Thank you sir, I did change it.


----------



## Art Rock (Nov 28, 2009)

Todorov on Danacord from CD for me.


----------



## cougarjuno (Jul 1, 2012)

Have only recently started listening to Glass. A recent purchase.


----------



## D Smith (Sep 13, 2014)

Raiskin for me, too.



cougarjuno said:


> Have only recently started listening to Glass. A recent purchase.


----------



## Enthusiast (Mar 5, 2016)

I'm also with Raiskin. Very pleasant music that retained my interest throughout.


----------



## Kiki (Aug 15, 2018)

Raiskin too, on Spotify. First encounter with Louis Glass. Conservatively nice. Nothing controversial. Not boring either. Really like the first movement and the scherzo.


----------



## Haydn man (Jan 25, 2014)

cougarjuno said:


> Have only recently started listening to Glass. A recent purchase.


The same version for me via Spotify


----------



## CnC Bartok (Jun 5, 2017)

I like the symphonies of Louis Glass, they are very listenable to, and well-constructed, and I sense he knew his way around an orchestra as well.

I have the Plovdiv PO set, half of them as downloads, and it is probably rather snobbish of me to feel they could be better served, although I have no evidence to support that.

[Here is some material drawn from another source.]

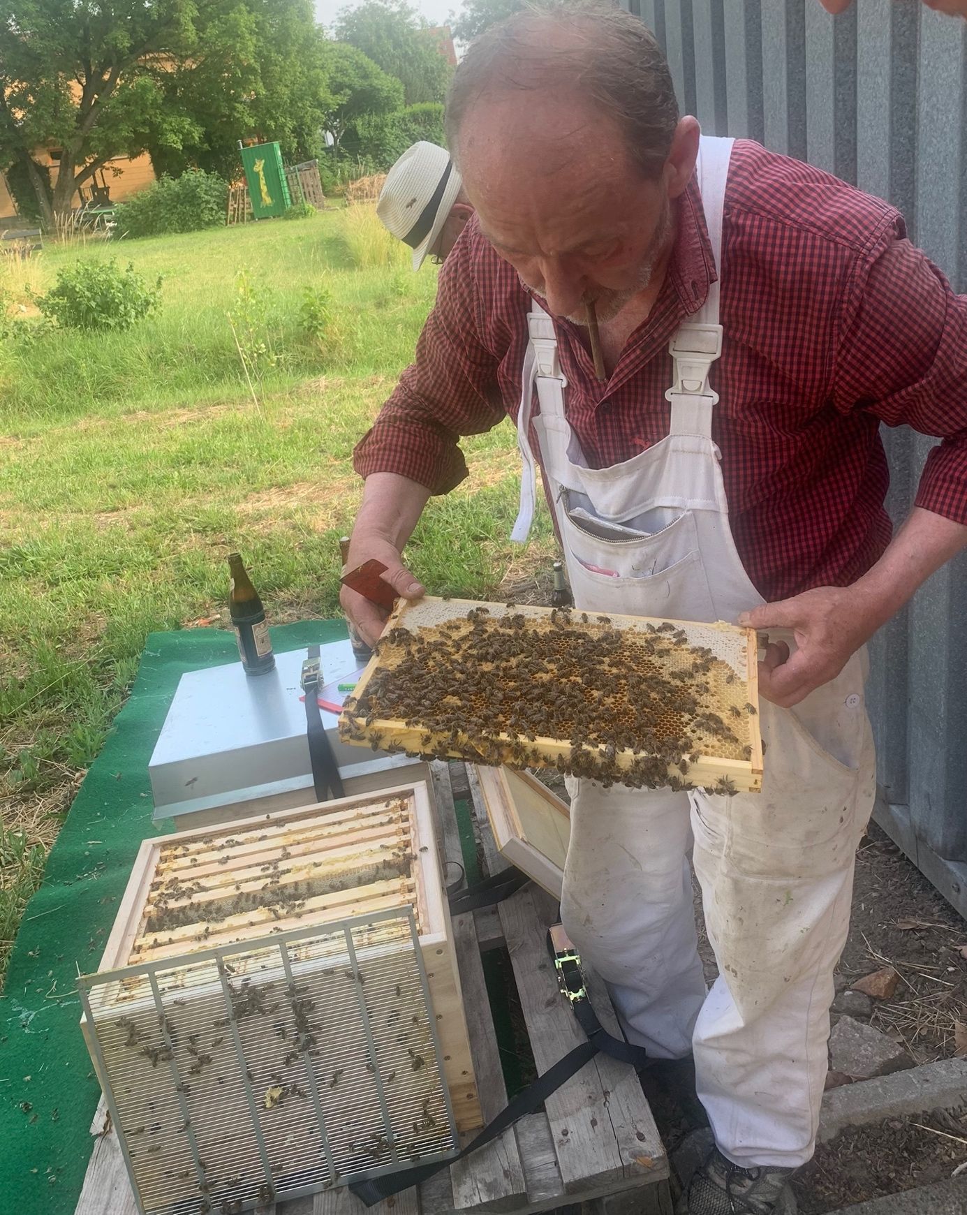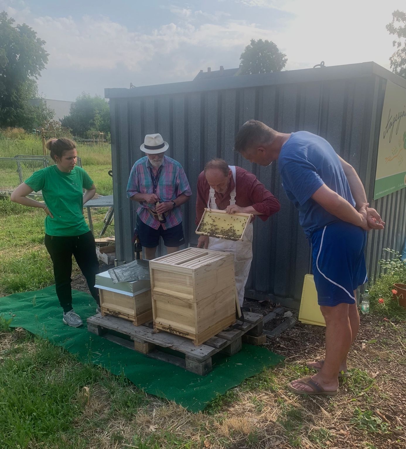 Aber das ist noch nicht alles. Vor drei Wochen hat Herr Büsselberg zwei Beuten mit zwei Bienenvölkern aufgestellt und wir konnten uns von der fleißigen Arbeit der Bienen überzeugen. Es könnte sein, dass wir bald Lindenblütenhonig ernten können. Unser zukünftiges Imkerteam ist der Einweisung durch den Fachmann aufmerksam gefolgt. Es ist spannend über diese Insekten und ihre Arbeit zu erfahren und wir freuen uns, zur Erhaltung unserer Lebensgrundlage beitragen zu können.

I knew this bloke who was obviously a huge fan of his Fifth symphony. He had big symbols from it all over his bedroom wall.....:angel:


----------



## Radames (Feb 27, 2013)

I got the Todorov recording 20 years ago when it came out. I got all his Glass. Now I'm tempted to try the other recordings. Never thought we would ave much of a choice.


----------